Other festive traditions we have:
- We pick one night to go look at Christmas lights – but we don’t tell the kids when it’s coming. We put them to bed as normal and then go come back in 5 minutes later and say, “just kidding!” We pile in the car in pajamas with hot chocolate and listen to Christmas music while driving around town looking at the light displays. Sometimes I research and map it out – and other times we just drive around. My husband drives and I flip a coin – if it’s heads, we turn right, if it’s tails, we turn left.
- This year we went on Amazon and my kids each chose one gift they would love to get for Christmas. We bought the presents and then donated them to kids at the Baptist Children’s Home.
- Christmas Fridays: Every Friday we get together with my family (Grandma, Aunt, and Cousins) and bake something delicious, do a Christmas craft, and watch a Christmas movie.
- We buy our kids a new Christmas ornament each year that represents something they’re interested in from that year. I attach a little tag and write the year on it. When they move out they will have a good ornament collection started for their own tree.
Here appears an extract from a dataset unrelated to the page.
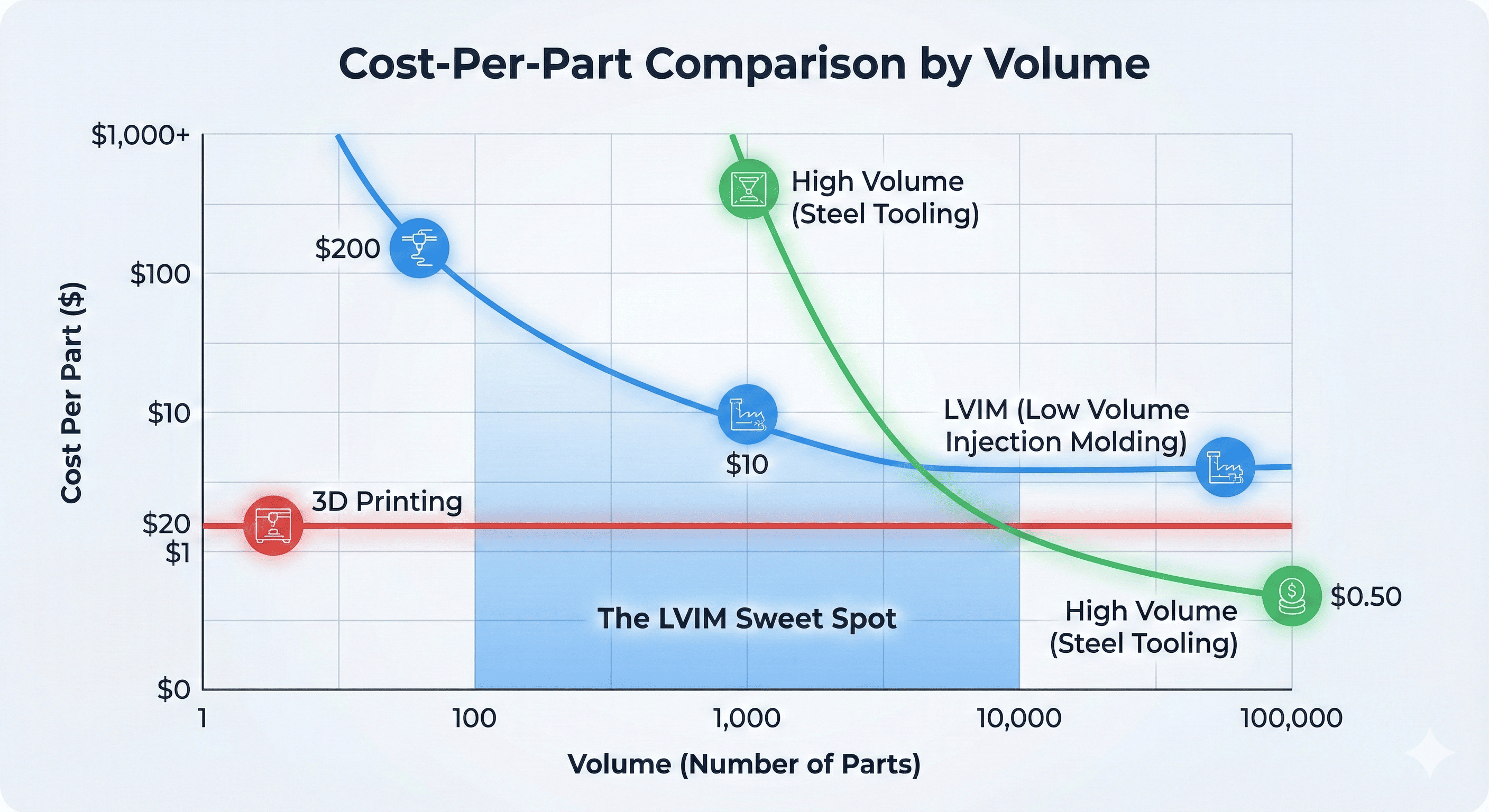 Zamislite LVIM kao agilnog rođaka masovne proizvodnje. Dok je tradicionalno oblikovanje opsjednuto "milijunima ciklusa", LVIM je dizajniran za 100 do 10 000 jedinica domet.

- Every year in the week between Christmas and New Years my husband and I get a baby-sitter and go on a special date to reminisce over the past year and dream and plan for the coming year. It’s a fun time to get dressed up, talk about God’s goodness to our family, and connect as a couple without cutting anyone else’s food or picking up broken crayons off the floor.
Rest Brings Freedom
Too often we think the holidays just have to be over-busy, stressful, and chaotic. But we are in charge of so many aspects of the holiday season! You and your husband get to decide what works the best for your family in this season of life.
You have the freedom:
- To say no: You don’t have to accept every invitation. Once you have your priorities set, you can honestly tell people that you just can’t fit their party or their Christmas caroling event in this year. My party threshold is very different from my introverted husband’s. Three events in one weekend is way too much for him. So we discuss and decide which one is the priority and then say no to the others. Or he keeps the kids home and I go if it’s something that I really want to attend.
- To do things for your family and no one else: You can and should enjoy sweet memories that don’t have to be picture-perfect or Instagram-worthy. The world doesn’t have to be invited into your living room for every tradition. Put your phone in another room. Just embrace the imperfection and be present.
- To change your mind: Not everything becomes a yearly tradition. Just because you did something once doesn’t mean you have to do it again. Also, just because you didn’t do something one year doesn’t mean you can’t bring it back. For many years we did the unwrapping 25 books every day in December to count down to Christmas. My husband works in a library, as a teacher I have an extensive children’s book collection – i.e. we love books! But the tradition just didn’t work for our family – my kids were constantly fighting over whose turn it was, they didn’t want to read the one they unwrapped, they got tired of unwrapping gifts (which made Christmas a little less special), etc. So last year I stopped the tradition. Now I put all of the books in a big basket on our fireplace hearth and just randomly pick one and yell “Christmas story time!” and we snuggle on the couch to read it. No fighting, no fuss, no staying-up-past-midnight wrapping all of these books. Just sweet time as a family – and isn’t that what it’s all about?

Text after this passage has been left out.